[Opening Records supplied section]
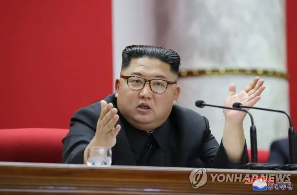 Lãnh đạo Triều Tiên Kim Jong-un tại Hội nghị Đảng Lao động Triều Tiên trước khi có bài phát biểu mừng năm mới hôm 31-12-2019. Ảnh: YONHAP NEWS
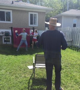 The size of the audience (masks not mandatory but recommended) is up to the customer, regulated by COVID guidelines and the size of the yard. “When we started, the maximum for an outdoor gathering was 15. Now things have loosened up a bit; 100 people can gather so long as distance is observed. We’d be equally happy doing the show for an audience of one…. Most of the people who’ve booked are expecting 20 or 30 people, so I imagine that’ll be the norm.”
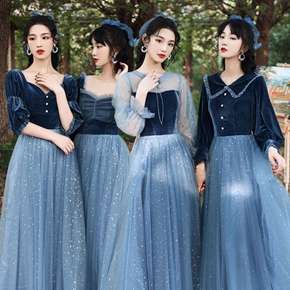 秋冬伴娘服伴娘服2021新款秋冬季星空气质姐妹团礼...
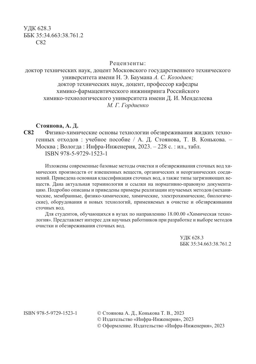 Изложены современные базовые методы очистки и обезвреживания сточных вод химических производств от взвешенных веществ, органических и неорганических соединений. Приведена основная классификация сточных вод, а также типы загрязняющих веществ. Дана актуальная терминология и ссылки на нормативно-правовую документацию. Подробно описаны и приведены примеры реализации изучаемых методов (механические, мембранные, физико-химические, химические, электрохимические, биологические), оборудования и новых технологий, применяемых в очистке и обезвреживании сточных вод.
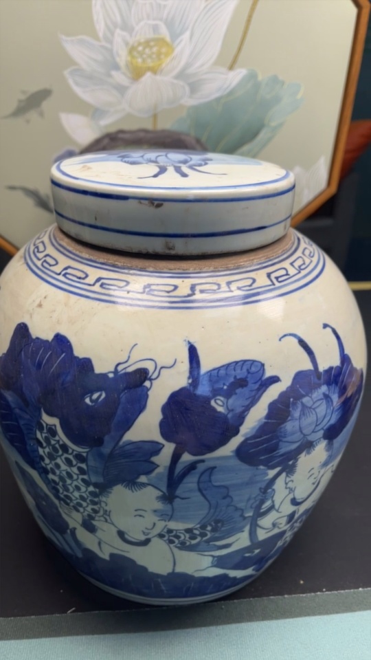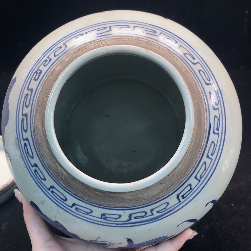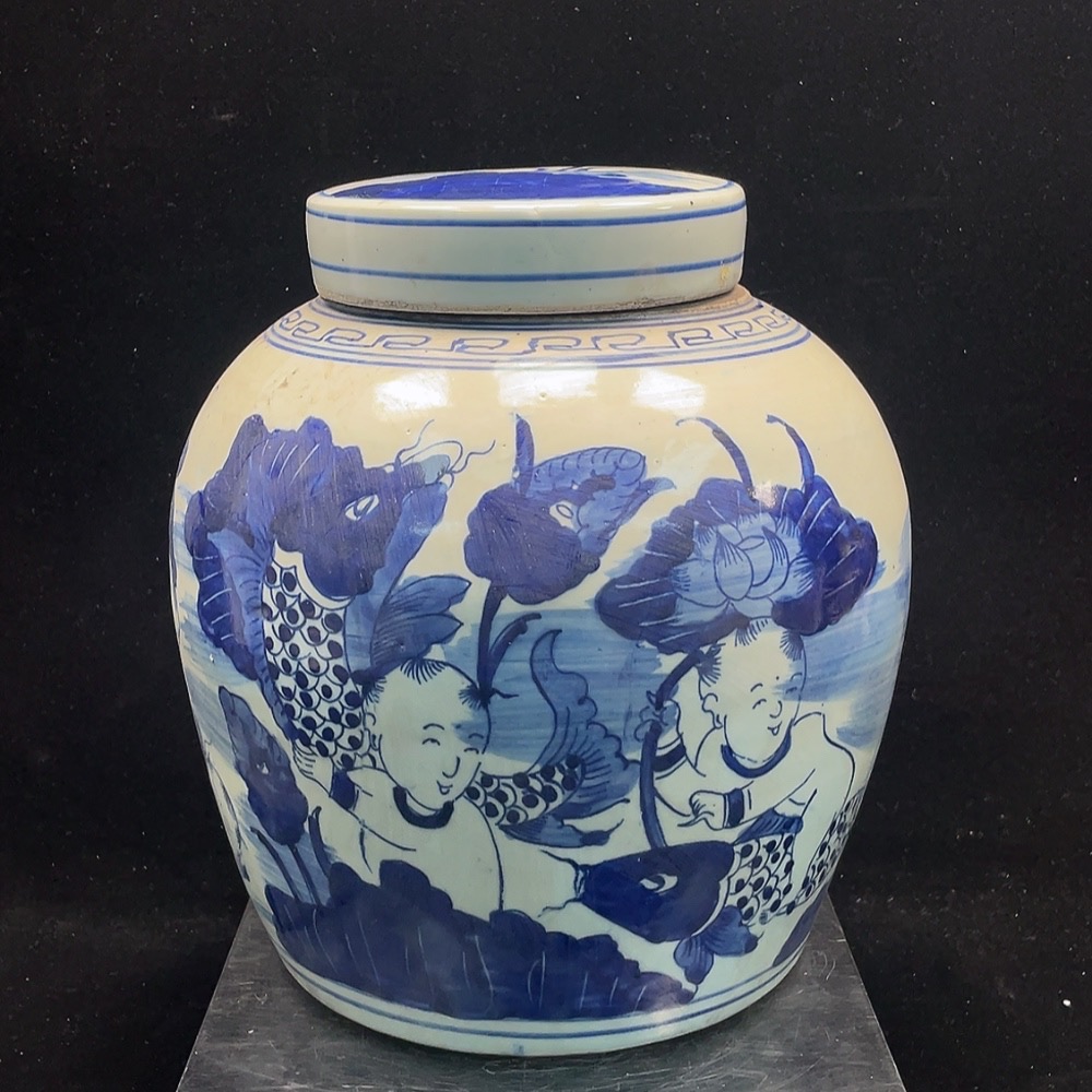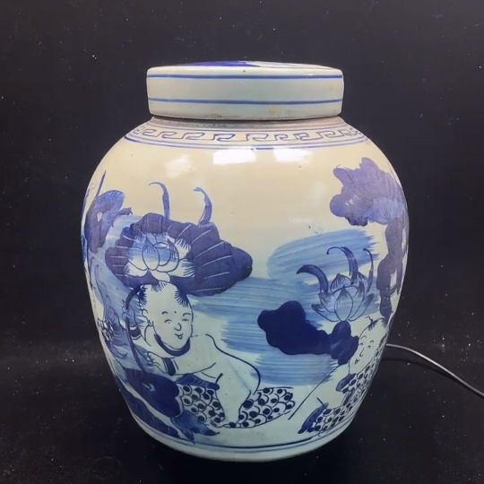 Ceramic 2-piece set, complete, modern blue-and-white jars
[Closing Records supplied section]
**Assigned task:** From the line with "Изложены современные базовые" to the final line of the records, inclusive, set down the lines exactly and add nothing; leave every picture out.

**Result of this task:**
 Изложены современные базовые методы очистки и обезвреживания сточных вод химических производств от взвешенных веществ, органических и неорганических соединений. Приведена основная классификация сточных вод, а также типы загрязняющих веществ. Дана актуальная терминология и ссылки на нормативно-правовую документацию. Подробно описаны и приведены примеры реализации изучаемых методов (механические, мембранные, физико-химические, химические, электрохимические, биологические), оборудования и новых технологий, применяемых в очистке и обезвреживании сточных вод.
 Ceramic 2-piece set, complete, modern blue-and-white jars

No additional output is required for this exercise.